Cour Administrative d’Appel de Nancy, 7 janvier 2010, N° 08NC01216


 Un cadre maintenu artificiellement en surnombre peut-il obtenir réparation d’une perte de chance d’avancement ?

Oui dès lors que sa collectivité « en ne le nommant pas sur un emploi conforme à son grade, l’a privé de la possibilité de démontrer sa valeur professionnelle ».

Cour Administrative d’Appel de Nancy, 7 janvier 2010, N° 08NC00608


Un rapport établi par une assistante sociale peut-il servir de preuve devant le juge administratif pour caractériser des agissements de harcèlement moral ?

Non : un document est dénué de toute force probante dès lors qu’il se contente de reprendre explicitement les propos du requérant.

Cour Administrative d’Appel de Nancy, 7 janvier 2010, N° 09NC00530


 La circonstance pour un fonctionnaire d’avoir fait l’objet de trois affectations successives à son retour de congé maladie est-elle de nature à caractériser des agissements de harcèlement moral ?

Non dès lors que ces affectations successives sont justifiées par la recherche d’un emploi adapté à l’état de santé de l’agent et en rapport avec les différentes prescriptions arrêtées par le médecin de prévention.

Cour Administrative d’Appel de Nancy, 7 janvier 2010, N° 09NC00530


 Un syndrome dépressif majeur d’un fonctionnaire placé en congé de longue maladie est-il suffisant pour caractériser la réalité d’un harcèlement moral ?

Non. Un syndrome dépressif majeur dont souffre un agent, désormais placé en congé de longue maladie, "ne saurait à lui seul établir la réalité du harcèlement moral dont il aurait été l’objet".

Cour Administrative d’Appel de Nancy, 7 janvier 2010, N° 09NC00530


 Un fonctionnaire peut-il faire l’objet d’une procédure d’abandon de poste s’il refuse de reprendre son travail après un congé maladie ordinaire alors qu’il produit un certificat médical de son psychiatre traitant indiquant qu’il n’était pas apte à reprendre son travail et que le maire n’a pas fait procéder à une contre-visite ?

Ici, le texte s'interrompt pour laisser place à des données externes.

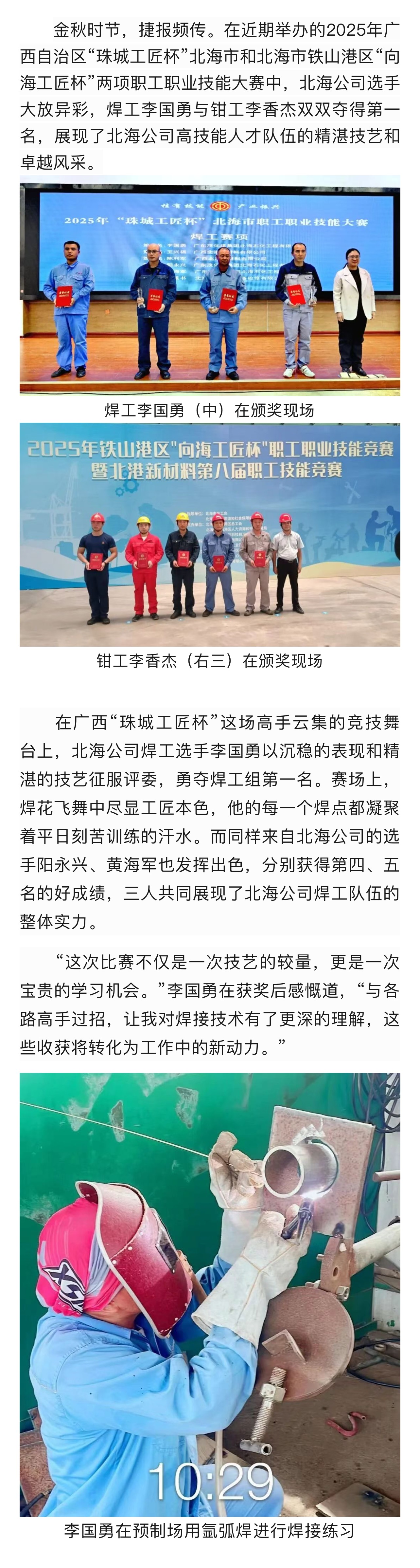 北海公司技能賽場捷報頻傳,勇奪焊工、鉗工雙項桂冠
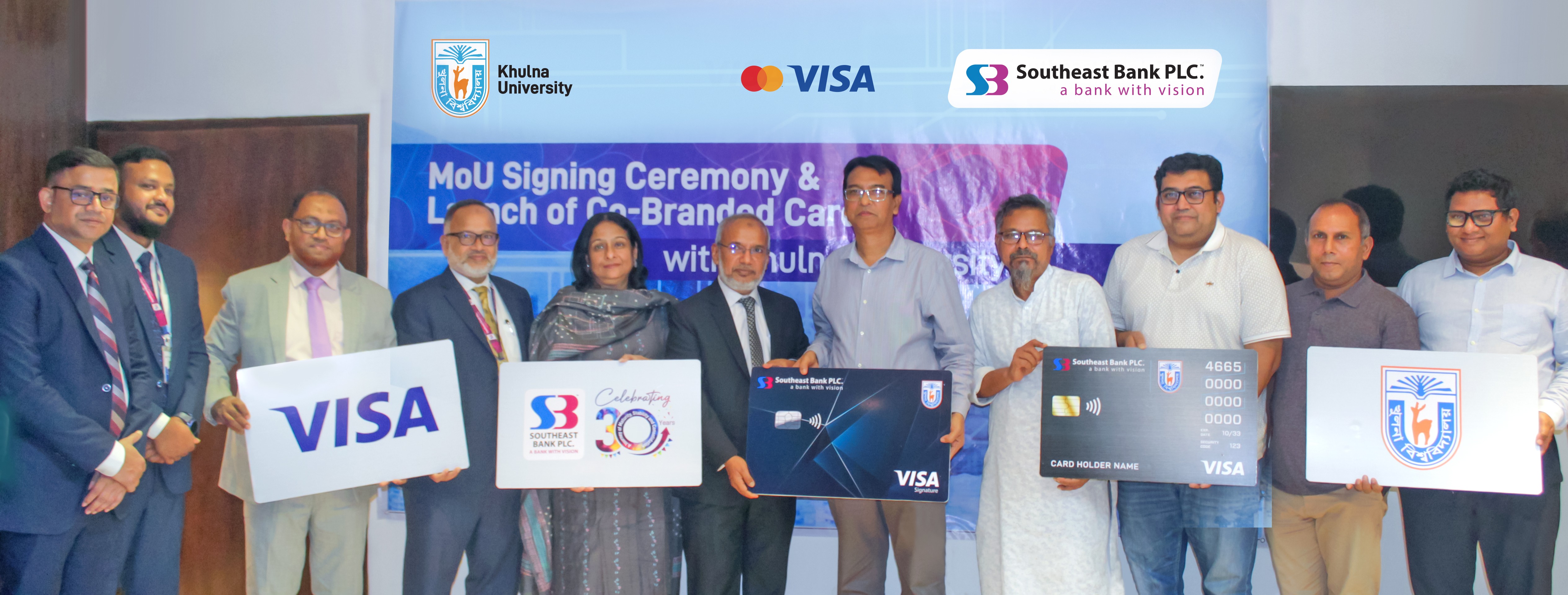 সাউথইস্ট ব্যাংক পিএলসি ও খুলনা বিশ্ববিদ্যালয়ের মধ্যে কো-ব্র্যান্ডেড ক্রেডিট ও প্রিপেইড কার্ড উদ্বোধন
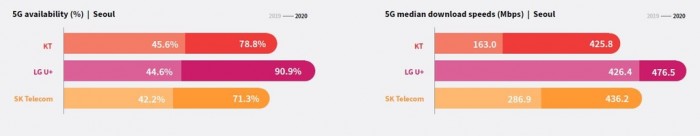 RootMetrics的数据显示,LG Uplus去年的5G下载速度中值为426.4 Mbps,SK电讯为286.9Mbps,KT为163Mbps。当时,KT以45.6%的5G可用性领先,随后为LG Uplus(44.6%)和SK电讯(42.2%)。
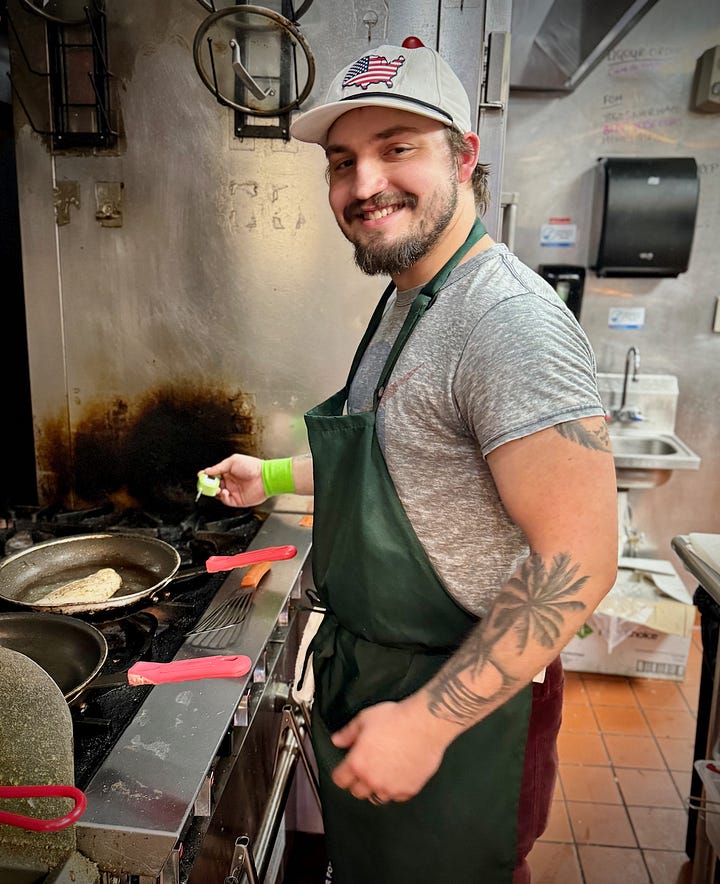 To the Eastern European-styled menu, they’ve recently added fresh fish specials, created by Chef Dylan Higgins. I chat with him too when I’m there, gleaning his path to this kitchen. He tells me he got his start in the dish pit at Doug’s Breakfast Lunch, later working for 1231 Craft Kitchen (who used to be co-located with FH Beerworks before both closed) and then Burnt Toast and Avenue 19 food hall. He’d risen to an executive sous chef title by then, taking that experience to a country club in Florida before moving back here.

Oui dès lors que le maire , s’appuyant sur les avis du comité médical départemental, qui concluaient à l’aptitude de l’agent à reprendre ses fonctions, au moins dans le cadre d’un mi-temps thérapeutique, l’a mis en demeure de reprendre son poste sous peine d’être radié des cadres pour abandon de poste. L’agent ne peut se contenter, pour refuser d’obtempérer, de produire un certificat médical de son psychiatre traitant indiquant, sans plus de précisions, qu’il n’était pas apte à reprendre son travail. En effet un tel certificat n’est pas de nature à remettre en cause les appréciations concordantes sur l’aptitude médicale de l’intéressé à reprendre ses fonctions, portées par le comité médical départemental. Dans ces conditions, l’agent, qui ne justifie pas s’être trouvé dans l’impossibilité de reprendre son travail, doit être regardé comme ayant rompu le lien qui l’unissait à la commune. Le maire a ainsi pu légalement radier des cadres l’agent pour abandon de poste, et ce sans avoir à faire procéder à une contre-visite par un médecin agréé comme le prévoient les dispositions de l’article 15 du décret du 30 juillet 1987.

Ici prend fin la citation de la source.